Segment Open
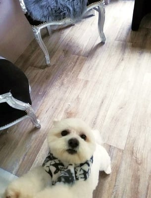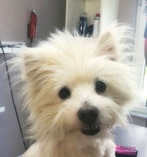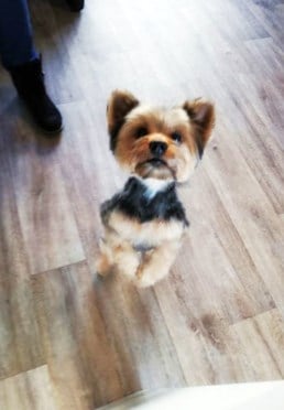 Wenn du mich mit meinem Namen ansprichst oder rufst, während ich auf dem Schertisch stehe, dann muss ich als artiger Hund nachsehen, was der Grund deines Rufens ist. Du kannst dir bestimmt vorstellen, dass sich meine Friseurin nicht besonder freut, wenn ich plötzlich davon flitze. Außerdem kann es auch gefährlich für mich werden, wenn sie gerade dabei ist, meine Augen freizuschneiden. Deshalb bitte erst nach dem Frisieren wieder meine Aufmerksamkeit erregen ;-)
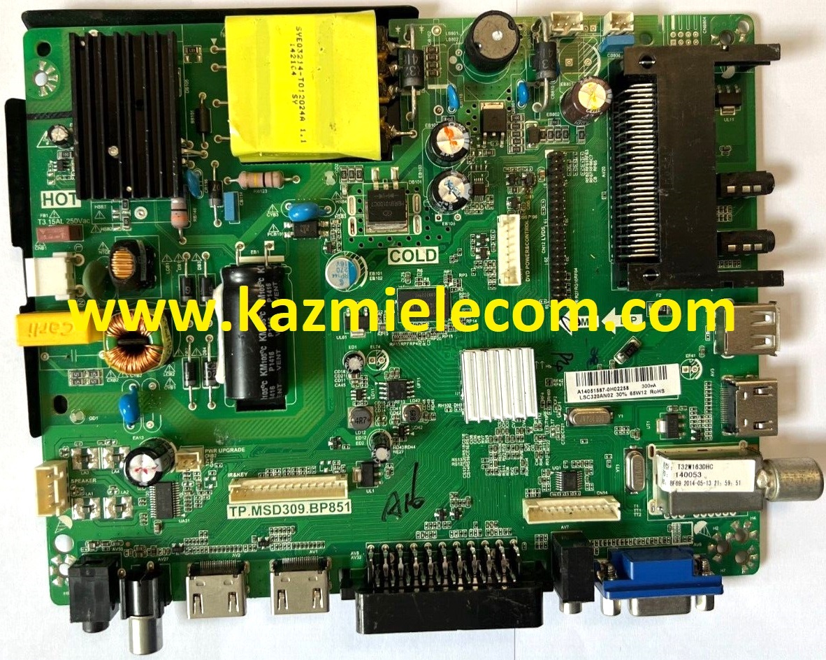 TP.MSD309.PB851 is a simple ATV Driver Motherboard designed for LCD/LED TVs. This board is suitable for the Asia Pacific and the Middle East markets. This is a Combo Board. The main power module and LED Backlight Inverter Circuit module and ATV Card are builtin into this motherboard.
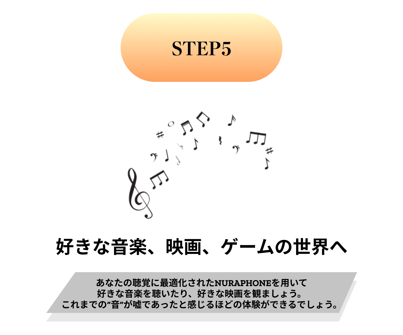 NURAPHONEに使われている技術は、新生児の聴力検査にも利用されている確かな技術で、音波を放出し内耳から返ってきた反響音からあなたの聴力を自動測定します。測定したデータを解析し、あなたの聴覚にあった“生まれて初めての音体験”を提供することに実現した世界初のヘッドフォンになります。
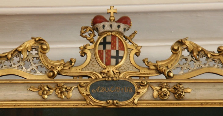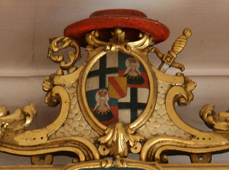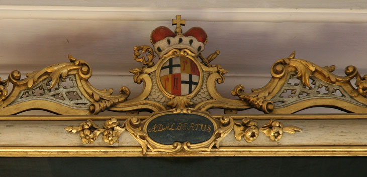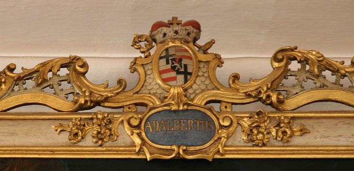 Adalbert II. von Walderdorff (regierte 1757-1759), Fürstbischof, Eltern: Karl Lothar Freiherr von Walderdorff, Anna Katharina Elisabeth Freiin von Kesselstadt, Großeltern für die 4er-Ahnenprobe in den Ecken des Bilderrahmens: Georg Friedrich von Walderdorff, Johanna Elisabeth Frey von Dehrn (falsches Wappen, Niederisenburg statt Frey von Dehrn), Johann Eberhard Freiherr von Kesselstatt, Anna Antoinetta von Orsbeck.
Segment Closed
• What to produce: Your reply should hold every line above exactly as written and none of the pictures.

• Written solution:
 Wenn du mich mit meinem Namen ansprichst oder rufst, während ich auf dem Schertisch stehe, dann muss ich als artiger Hund nachsehen, was der Grund deines Rufens ist. Du kannst dir bestimmt vorstellen, dass sich meine Friseurin nicht besonder freut, wenn ich plötzlich davon flitze. Außerdem kann es auch gefährlich für mich werden, wenn sie gerade dabei ist, meine Augen freizuschneiden. Deshalb bitte erst nach dem Frisieren wieder meine Aufmerksamkeit erregen ;-)
 TP.MSD309.PB851 is a simple ATV Driver Motherboard designed for LCD/LED TVs. This board is suitable for the Asia Pacific and the Middle East markets. This is a Combo Board. The main power module and LED Backlight Inverter Circuit module and ATV Card are builtin into this motherboard.
 NURAPHONEに使われている技術は、新生児の聴力検査にも利用されている確かな技術で、音波を放出し内耳から返ってきた反響音からあなたの聴力を自動測定します。測定したデータを解析し、あなたの聴覚にあった“生まれて初めての音体験”を提供することに実現した世界初のヘッドフォンになります。
 Adalbert II. von Walderdorff (regierte 1757-1759), Fürstbischof, Eltern: Karl Lothar Freiherr von Walderdorff, Anna Katharina Elisabeth Freiin von Kesselstadt, Großeltern für die 4er-Ahnenprobe in den Ecken des Bilderrahmens: Georg Friedrich von Walderdorff, Johanna Elisabeth Frey von Dehrn (falsches Wappen, Niederisenburg statt Frey von Dehrn), Johann Eberhard Freiherr von Kesselstatt, Anna Antoinetta von Orsbeck.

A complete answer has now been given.